22 May 2024 | Yuzhang Shang, Mu Cai, Bingxin Xu, Yong Jae Lee, Yan Yan
**Abstract:**
Large Multimodal Models (LMMs) have demonstrated significant visual reasoning capabilities by integrating a visual encoder and a large language model. However, the computational costs of these models increase quadratically with the number of input tokens due to the Transformer architecture. To address this, we propose PruMerge, an adaptive visual token reduction strategy that significantly reduces the number of visual tokens without compromising performance. PruMerge leverages the sparsity in the visual encoder's attention scores between the class token and visual tokens to dynamically select crucial visual tokens. These selected tokens are then clustered and merged to enhance their informational content. Empirically, PruMerge can compress visual tokens by 14 times on average in LLaVA-1.5 while maintaining comparable performance across diverse visual question-answering and reasoning tasks.
**Introduction:**
LMMs, which combine large language models (LLMs) with visual encoders, have shown strong visual reasoning capabilities. However, the computational costs of LMMs are high due to the large number of visual tokens used as prefix content. Previous work has focused on reducing the LLM backbone size, but this sacrifices reasoning abilities. Our approach, PruMerge, aims to reduce the number of visual tokens while maintaining performance. PruMerge uses outlier detection to identify and prune redundant visual tokens, and then merges the remaining tokens to enhance their informational content. Empirically, PruMerge can reduce visual tokens by 14 times on average in LLaVA-1.5 while maintaining comparable performance.
**Related Work:**
Efforts to improve LMM efficiency have focused on reducing the size of the LLM backbone or using quantization techniques. Our work is unique in its focus on reducing the number of visual tokens, which is a key bottleneck in LMMs.

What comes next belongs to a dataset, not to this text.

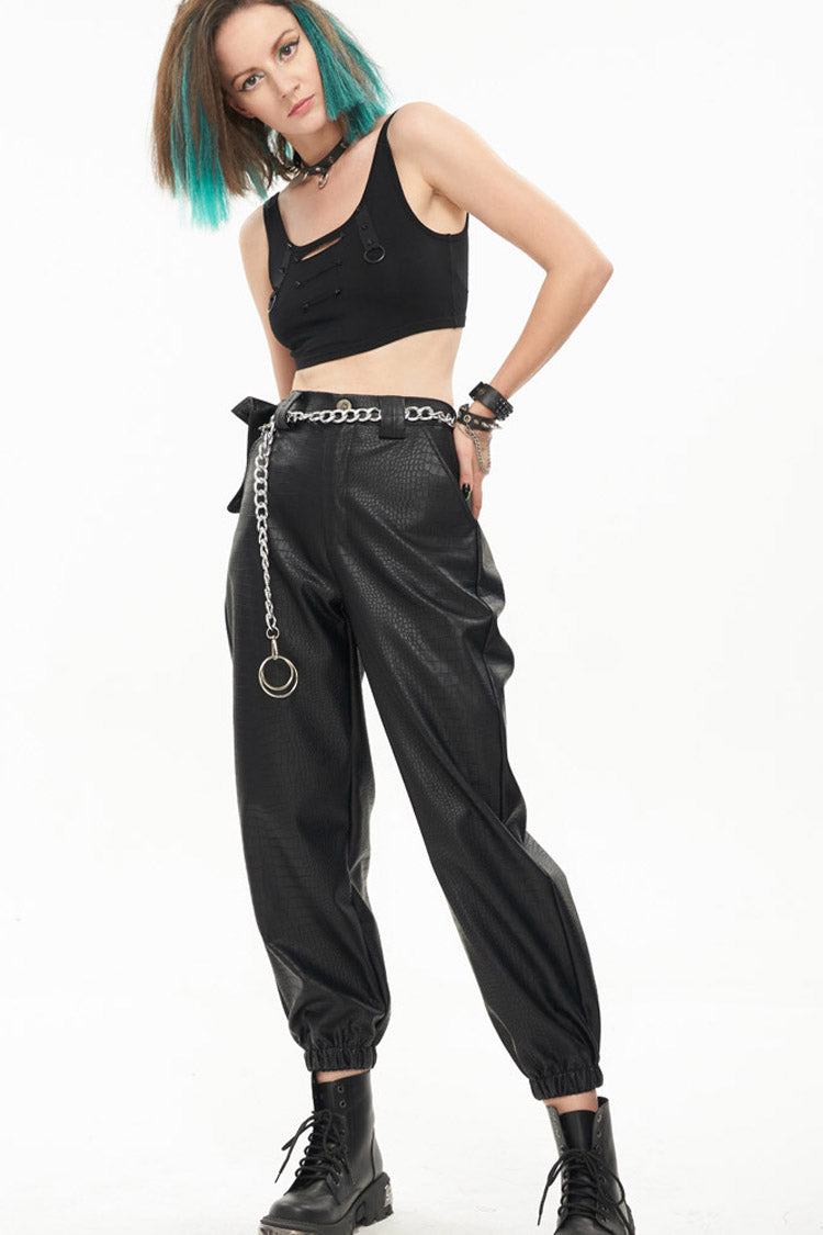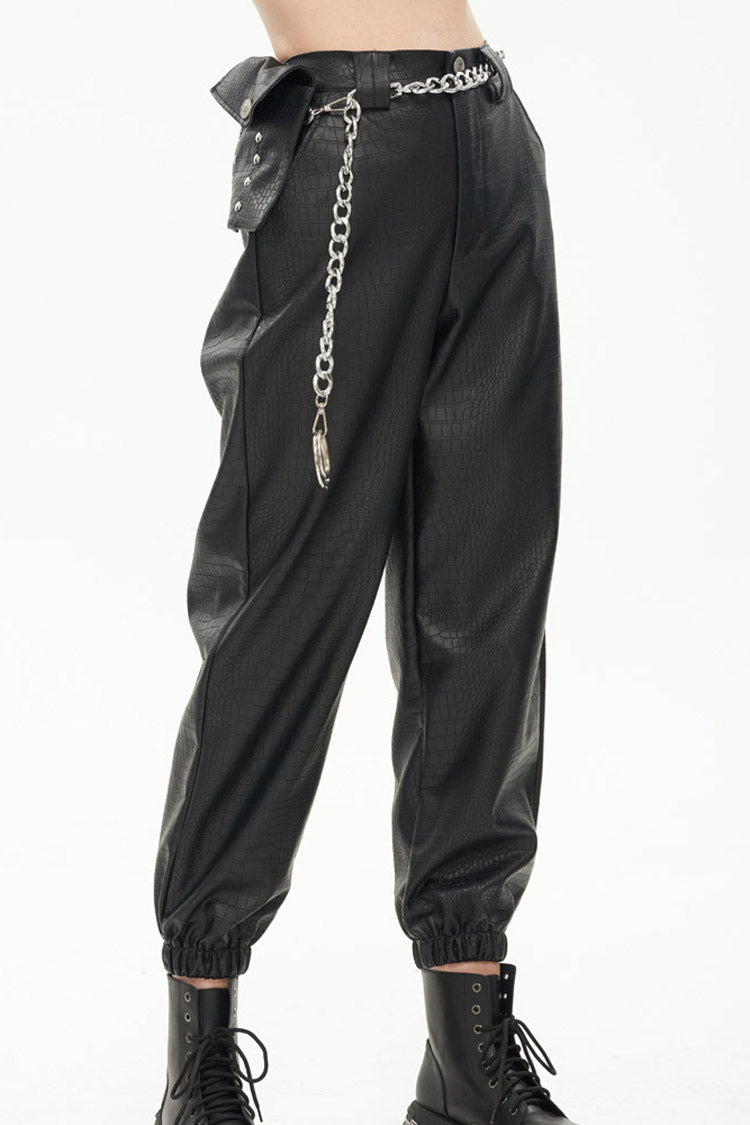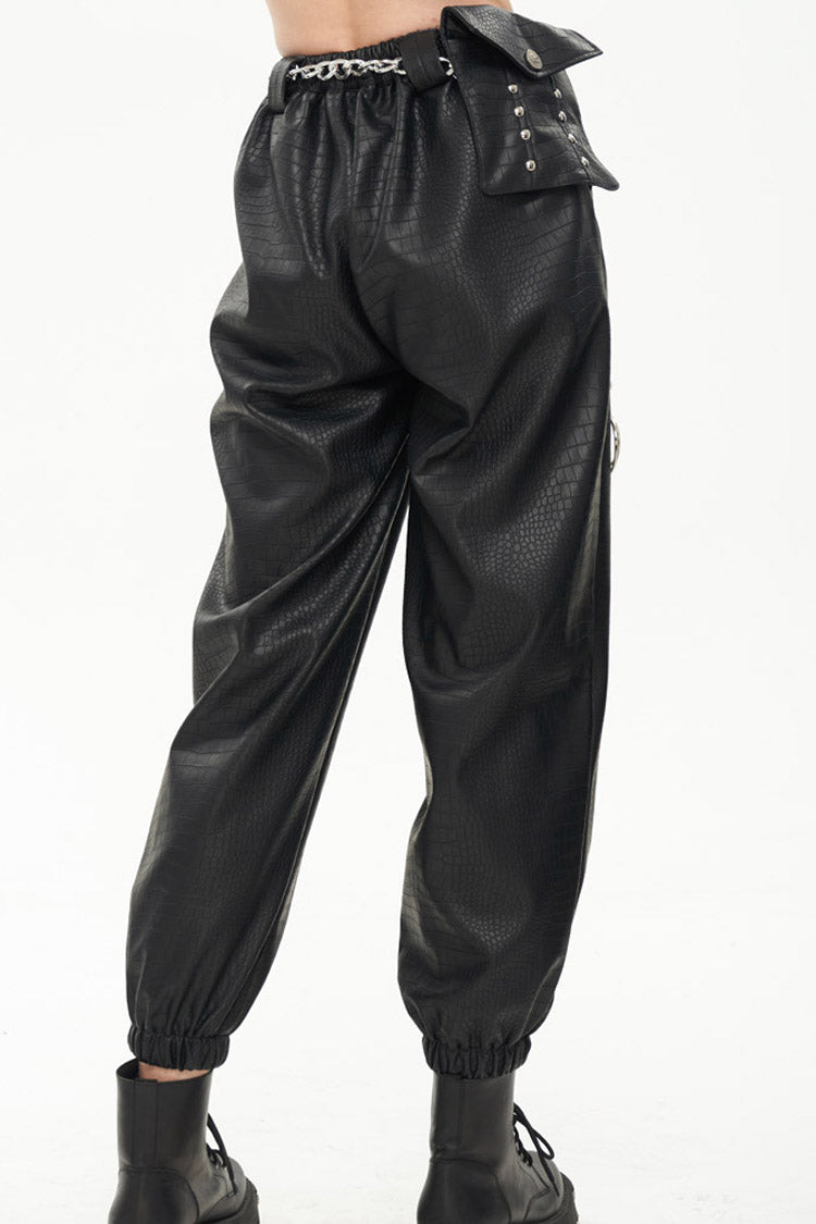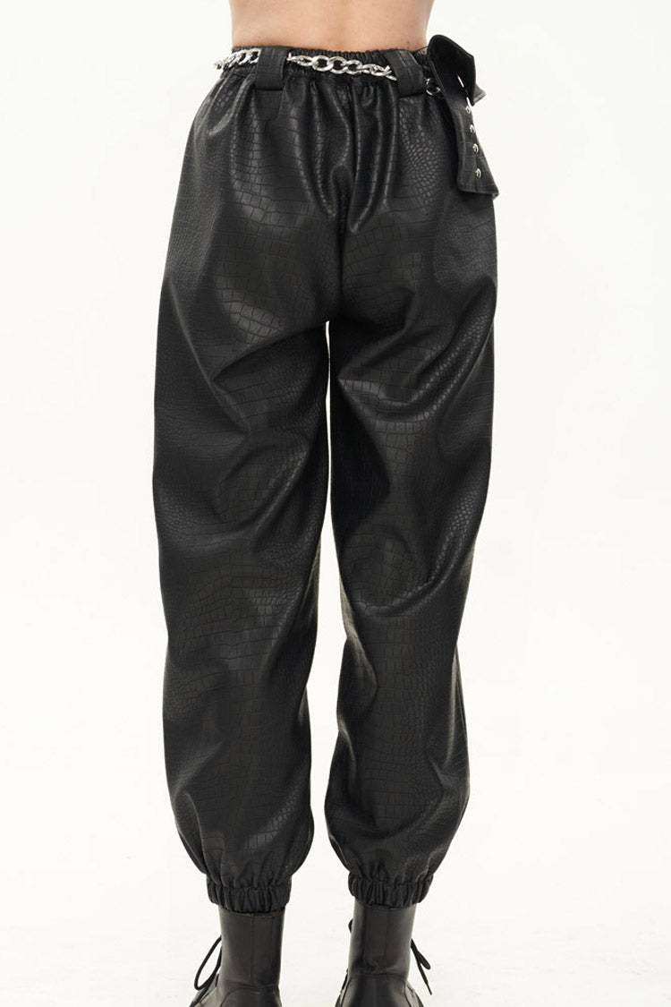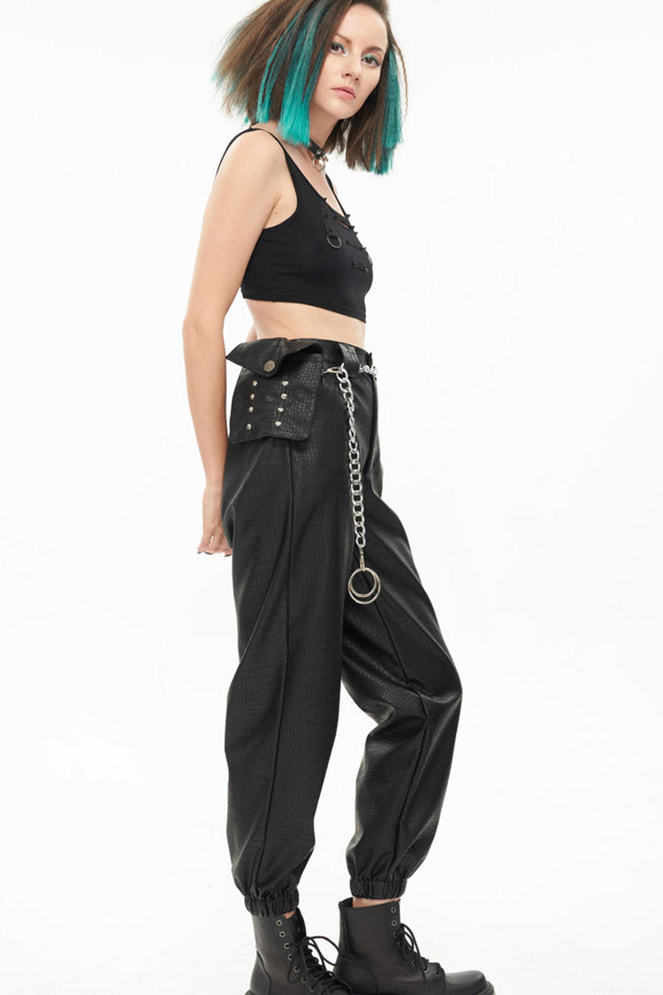 The whole piece is made of crocodile pattern leather, the elasticity of the waist can be adjusted, the waist is hung with a metal chain, the waist is hung with a small bag design, which can be disassembled, and the bag is designed with metal rivets.

**Method: Token Pru-Merging:**
PruMerge consists of two main components: Adaptive Important Token Selection (AITS) and Token Supplement (TS). AITS uses the Interquartile Range (IQR) method to identify and select important visual tokens based on their attention scores. TS clusters and merges the selected tokens to enhance their informational content.
**Experiments:**
PruMerge is evaluated on various benchmarks, showing significant performance and efficiency improvements. It reduces the number of visual tokens by 14 times on average while maintaining or improving performance. PruMerge also demonstrates generalization to video-LLMs without additional training.
**Conclusion:**
PruMerge effectively reduces the number of visual tokens in LMMs, improving efficiency without sacrificing performance. This approach has broad implications for the deployment and accessibility of LMMs, particularly in edge computing environments.**Abstract:**
Large Multimodal Models (LMMs) have demonstrated significant visual reasoning capabilities by integrating a visual encoder and a large language model. However, the computational costs of these models increase quadratically with the number of input tokens due to the Transformer architecture. To address this, we propose PruMerge, an adaptive visual token reduction strategy that significantly reduces the number of visual tokens without compromising performance. PruMerge leverages the sparsity in the visual encoder's attention scores between the class token and visual tokens to dynamically select crucial visual tokens. These selected tokens are then clustered and merged to enhance their informational content. Empirically, PruMerge can compress visual tokens by 14 times on average in LLaVA-1.5 while maintaining comparable performance across diverse visual question-answering and reasoning tasks.
**Introduction:**
LMMs, which combine large language models (LLMs) with visual encoders, have shown strong visual reasoning capabilities. However, the computational costs of LMMs are high due to the large number of visual tokens used as prefix content. Previous work has focused on reducing the LLM backbone size, but this sacrifices reasoning abilities. Our approach, PruMerge, aims to reduce the number of visual tokens while maintaining performance. PruMerge uses outlier detection to identify and prune redundant visual tokens, and then merges the remaining tokens to enhance their informational content. Empirically, PruMerge can reduce visual tokens by 14 times on average in LLaVA-1.5 while maintaining comparable performance.
**Related Work:**
Efforts to improve LMM efficiency have focused on reducing the size of the LLM backbone or using quantization techniques. Our work is unique in its focus on reducing the number of visual tokens, which is a key bottleneck in LMMs.
**Method: Token Pru-Merging:**
PruMerge consists of two main components: Adaptive Important Token Selection (AITS) and Token Supplement (TS). AITS uses the Interquartile Range (IQR) method to identify and select important visual tokens based on their attention scores. TS clusters and merges the selected tokens to enhance their informational content.
**Experiments:**
PruMerge is evaluated on various benchmarks, showing significant performance and efficiency improvements. It reduces the number of visual tokens by 14 times on average while maintaining or improving performance. PruMerge also demonstrates generalization to video-LLMs without additional training.
**Conclusion:**
PruMerge effectively reduces the number of visual tokens in LMMs, improving efficiency without sacrificing performance. This approach has broad implications for the deployment and accessibility of LMMs, particularly in edge computing environments.